Assignment =>
For the data below, retype word for word the lines from the one containing "Since the immune" through the one containing "LOT OF JEWELLRY"; drop the pictures.
(Beginning of The input)
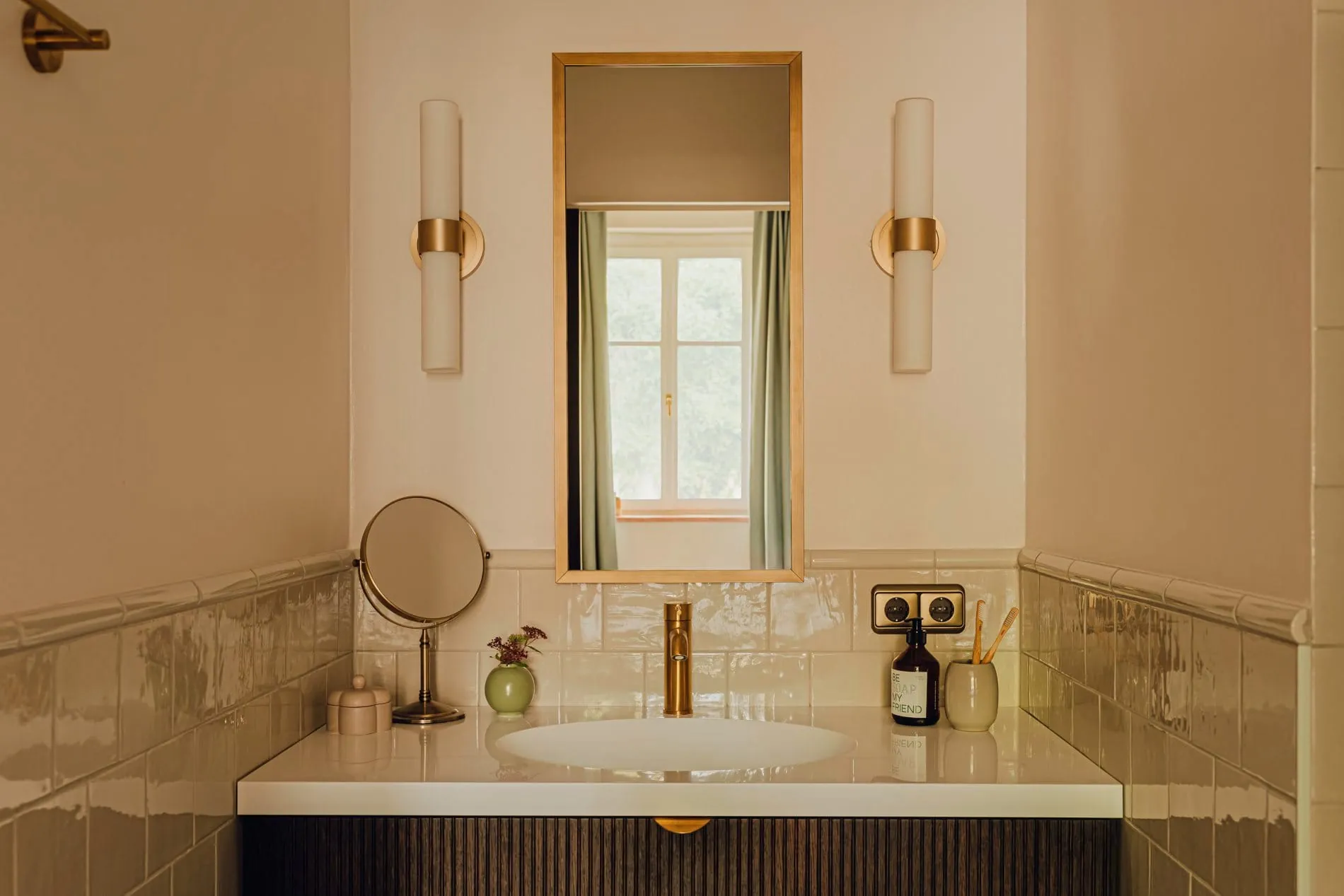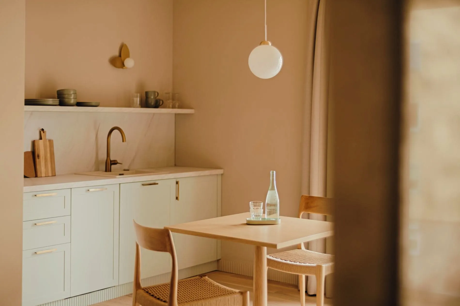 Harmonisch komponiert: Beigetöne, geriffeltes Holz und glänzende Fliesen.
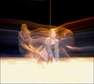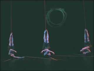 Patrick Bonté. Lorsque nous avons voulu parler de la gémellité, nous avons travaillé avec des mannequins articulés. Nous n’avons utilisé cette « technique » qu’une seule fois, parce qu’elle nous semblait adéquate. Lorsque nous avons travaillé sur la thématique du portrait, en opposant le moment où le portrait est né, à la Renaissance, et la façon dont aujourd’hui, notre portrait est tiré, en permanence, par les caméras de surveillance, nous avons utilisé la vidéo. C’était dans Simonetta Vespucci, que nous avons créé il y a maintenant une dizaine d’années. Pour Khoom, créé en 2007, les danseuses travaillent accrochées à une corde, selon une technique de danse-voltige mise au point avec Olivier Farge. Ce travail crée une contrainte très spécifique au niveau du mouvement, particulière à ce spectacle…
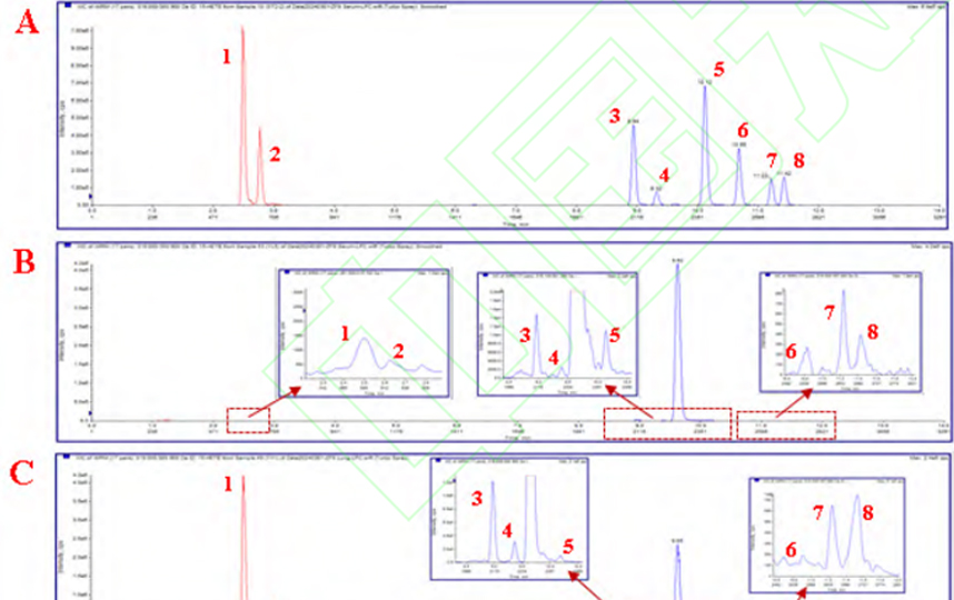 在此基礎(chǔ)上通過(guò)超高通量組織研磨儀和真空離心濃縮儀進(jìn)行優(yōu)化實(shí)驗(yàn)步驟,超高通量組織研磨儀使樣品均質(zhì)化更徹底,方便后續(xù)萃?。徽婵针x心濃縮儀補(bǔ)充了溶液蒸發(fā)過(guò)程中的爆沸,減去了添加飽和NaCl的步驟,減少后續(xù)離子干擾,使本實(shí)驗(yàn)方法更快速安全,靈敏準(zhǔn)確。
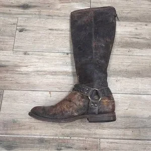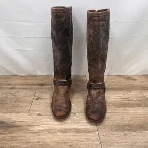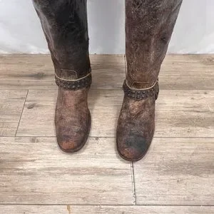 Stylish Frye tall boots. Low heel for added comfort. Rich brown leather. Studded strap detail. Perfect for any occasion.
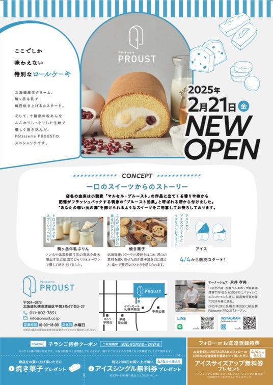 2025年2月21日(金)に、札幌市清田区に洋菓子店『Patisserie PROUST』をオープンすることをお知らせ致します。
(End of The input)
(Beginning of The input)
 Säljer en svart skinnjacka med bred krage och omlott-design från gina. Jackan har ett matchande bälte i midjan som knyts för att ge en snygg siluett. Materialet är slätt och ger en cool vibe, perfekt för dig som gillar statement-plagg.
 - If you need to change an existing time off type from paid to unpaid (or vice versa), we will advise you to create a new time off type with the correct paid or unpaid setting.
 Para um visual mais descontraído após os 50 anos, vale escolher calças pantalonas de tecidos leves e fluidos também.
(End of The input)
(Beginning of The input)
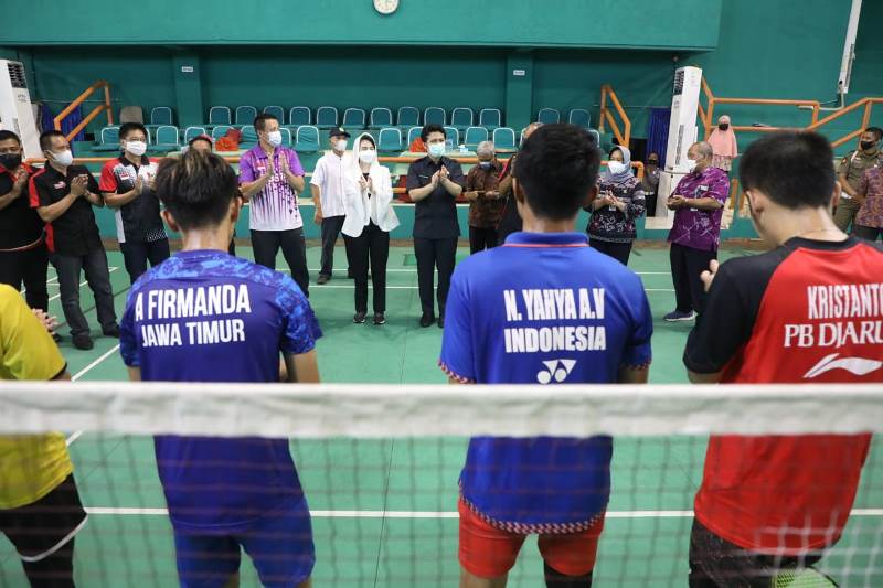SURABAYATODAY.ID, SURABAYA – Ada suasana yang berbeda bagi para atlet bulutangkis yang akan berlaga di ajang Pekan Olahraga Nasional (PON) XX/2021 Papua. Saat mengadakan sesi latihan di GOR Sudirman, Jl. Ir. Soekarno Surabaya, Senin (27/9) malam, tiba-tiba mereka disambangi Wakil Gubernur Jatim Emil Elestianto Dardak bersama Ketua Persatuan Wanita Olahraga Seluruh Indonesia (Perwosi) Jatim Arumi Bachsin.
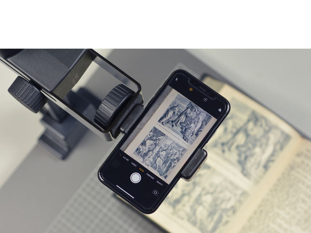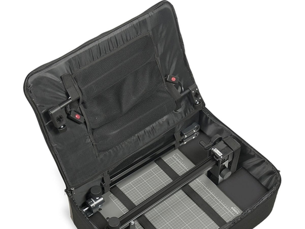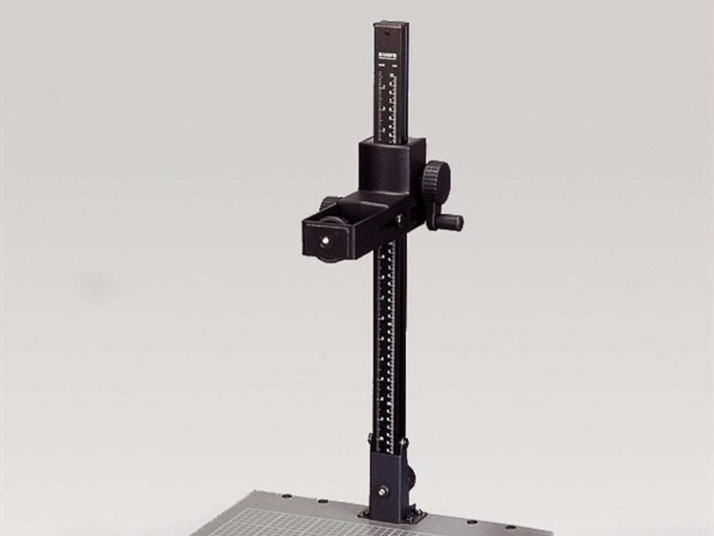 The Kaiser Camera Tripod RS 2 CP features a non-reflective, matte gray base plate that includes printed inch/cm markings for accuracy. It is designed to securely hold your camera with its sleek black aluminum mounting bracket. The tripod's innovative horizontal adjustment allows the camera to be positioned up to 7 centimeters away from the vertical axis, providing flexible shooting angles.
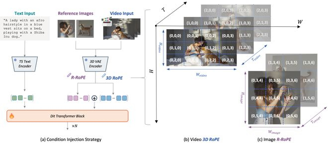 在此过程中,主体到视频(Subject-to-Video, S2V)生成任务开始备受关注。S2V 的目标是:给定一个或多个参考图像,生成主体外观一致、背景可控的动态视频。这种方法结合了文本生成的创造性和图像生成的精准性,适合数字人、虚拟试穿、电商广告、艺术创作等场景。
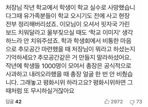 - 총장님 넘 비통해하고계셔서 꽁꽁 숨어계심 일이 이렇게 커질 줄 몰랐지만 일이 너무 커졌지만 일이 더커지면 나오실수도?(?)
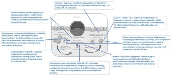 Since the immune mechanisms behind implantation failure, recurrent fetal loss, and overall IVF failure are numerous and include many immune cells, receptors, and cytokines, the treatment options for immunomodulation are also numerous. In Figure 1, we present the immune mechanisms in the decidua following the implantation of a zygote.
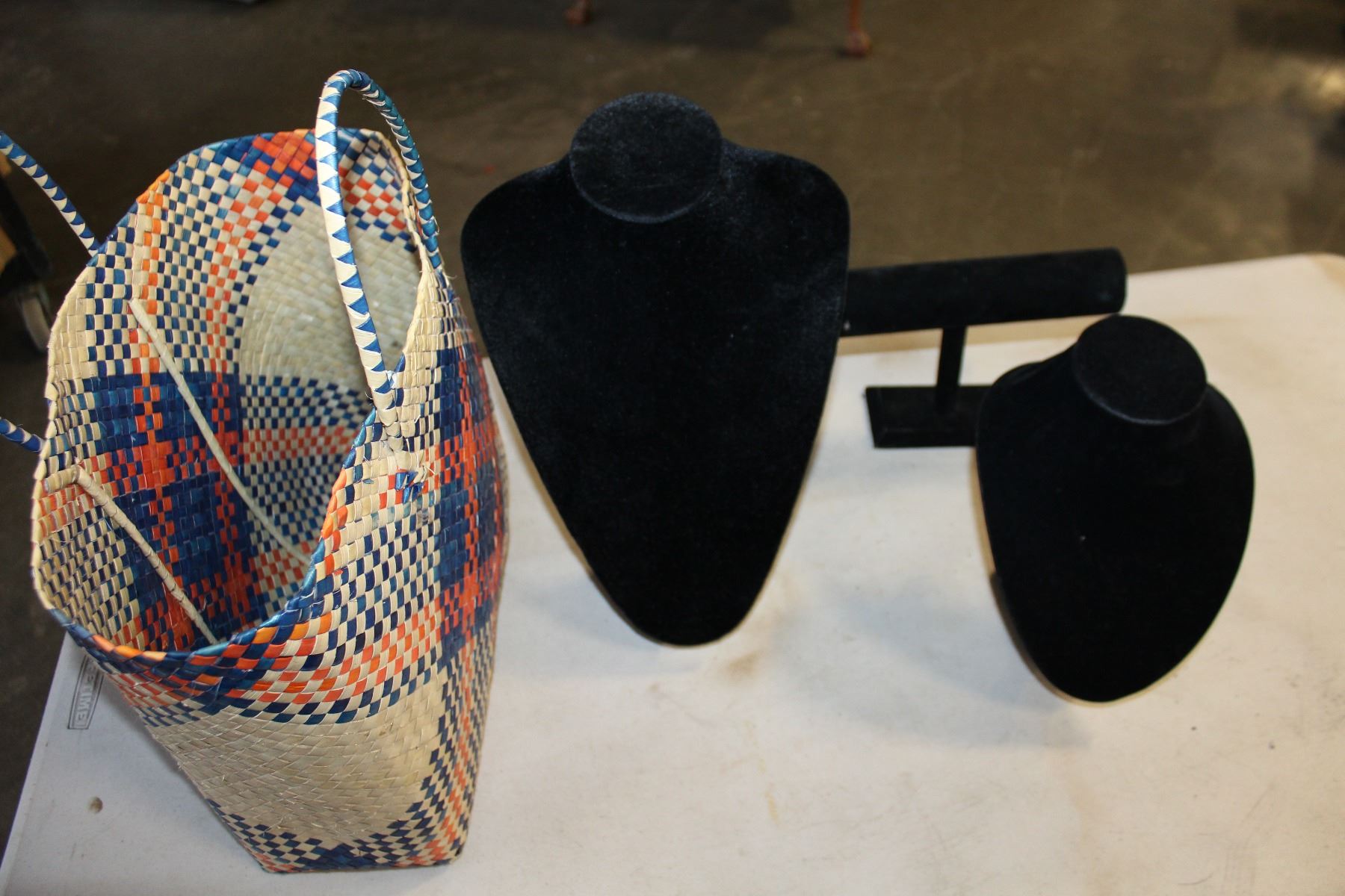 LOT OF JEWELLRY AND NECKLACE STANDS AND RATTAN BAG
(End of The input)
Answer to this task =>
 Since the immune mechanisms behind implantation failure, recurrent fetal loss, and overall IVF failure are numerous and include many immune cells, receptors, and cytokines, the treatment options for immunomodulation are also numerous. In Figure 1, we present the immune mechanisms in the decidua following the implantation of a zygote.
 LOT OF JEWELLRY AND NECKLACE STANDS AND RATTAN BAG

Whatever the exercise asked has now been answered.